From the entries below, reproduce exactly the lines from the one with "Il corpo dell’edificio" through the one with "Straight Kurta | |", both included, without images.

INFORMATION SUPPLIED.
· · ·
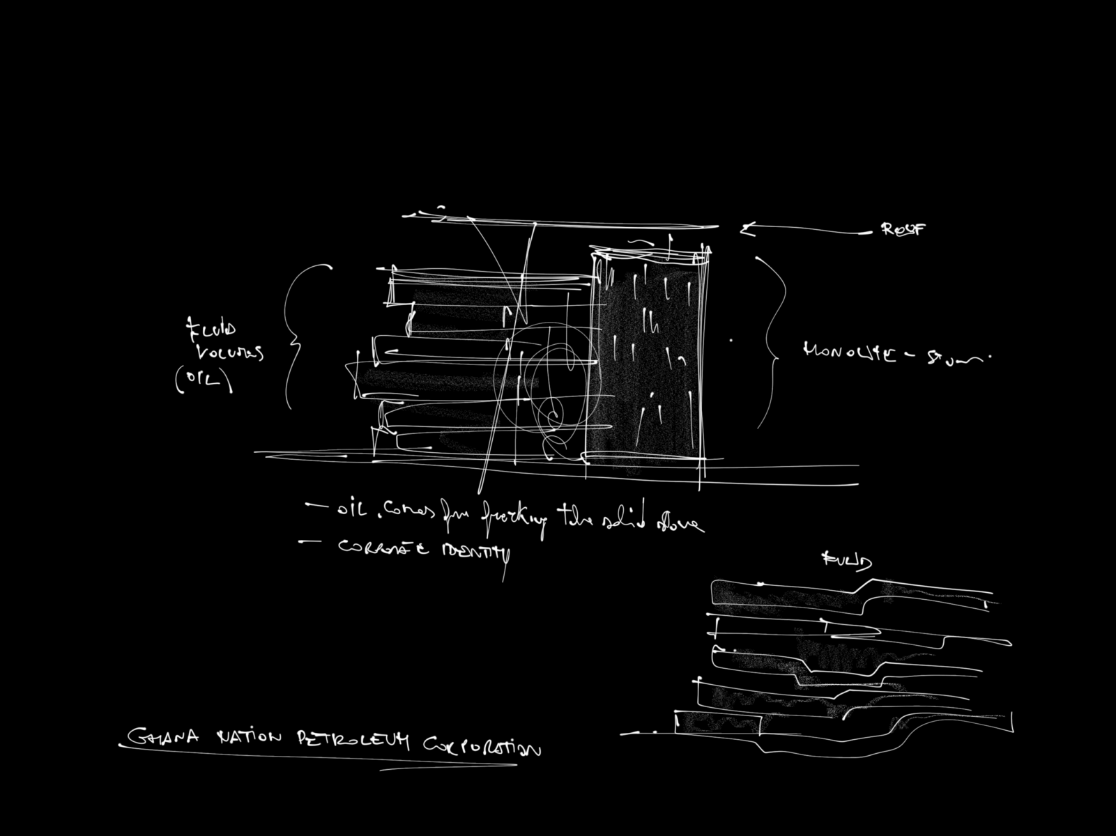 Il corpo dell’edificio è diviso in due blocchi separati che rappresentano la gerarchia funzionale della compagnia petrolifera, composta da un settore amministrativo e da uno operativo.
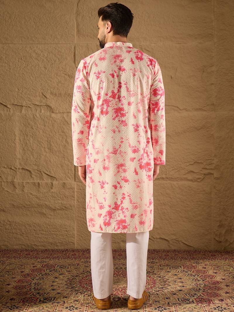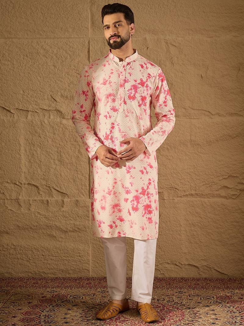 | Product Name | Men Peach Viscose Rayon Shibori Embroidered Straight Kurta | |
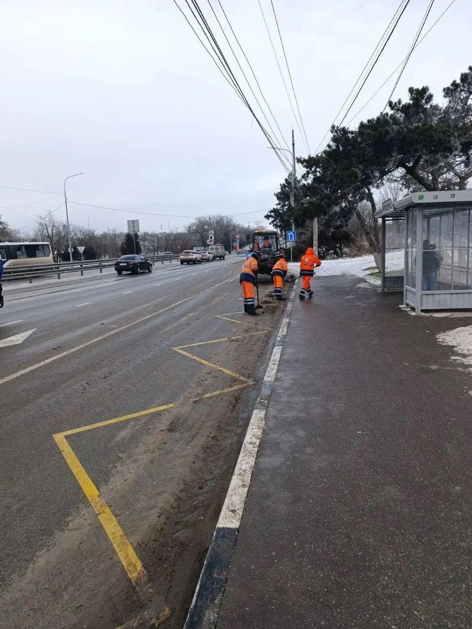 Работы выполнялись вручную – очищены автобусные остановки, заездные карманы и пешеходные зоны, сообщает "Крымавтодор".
· · ·
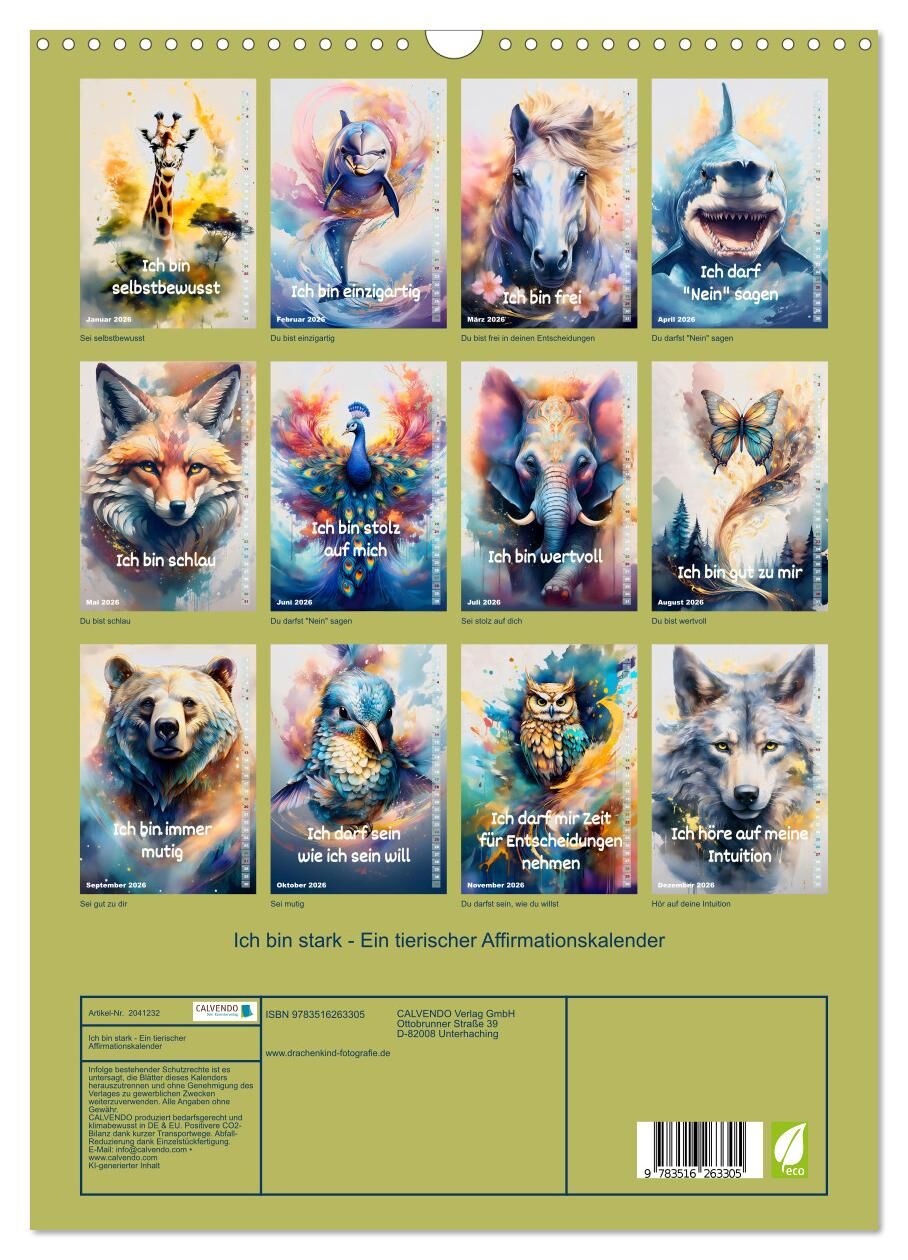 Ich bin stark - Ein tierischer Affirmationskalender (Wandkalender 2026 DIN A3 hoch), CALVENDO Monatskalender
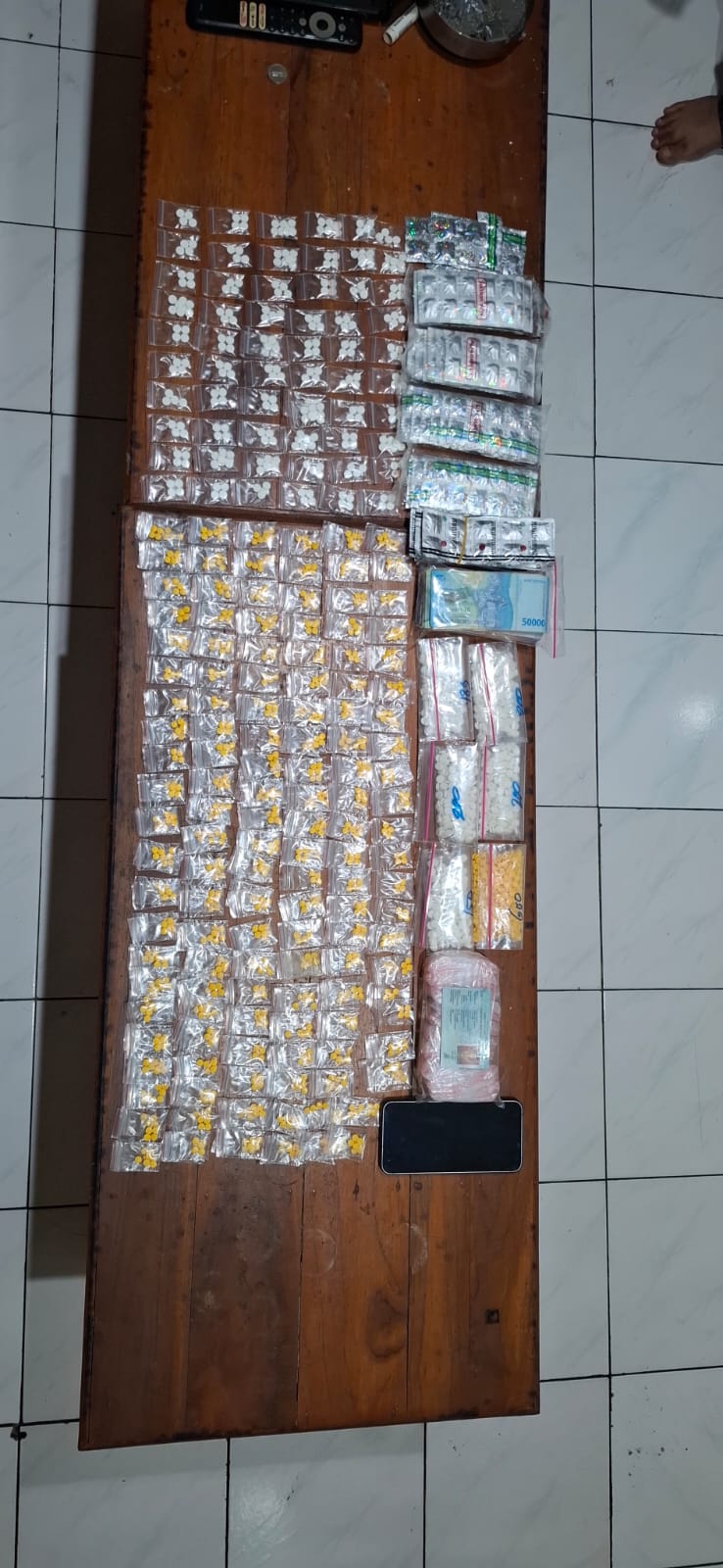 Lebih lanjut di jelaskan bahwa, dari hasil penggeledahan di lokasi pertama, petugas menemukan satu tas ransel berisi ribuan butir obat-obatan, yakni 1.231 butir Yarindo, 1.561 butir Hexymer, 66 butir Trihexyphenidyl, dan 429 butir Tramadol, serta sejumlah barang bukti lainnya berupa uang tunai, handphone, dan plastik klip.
· · ·
TASK OUTPUT.
 Il corpo dell’edificio è diviso in due blocchi separati che rappresentano la gerarchia funzionale della compagnia petrolifera, composta da un settore amministrativo e da uno operativo.
 | Product Name | Men Peach Viscose Rayon Shibori Embroidered Straight Kurta | |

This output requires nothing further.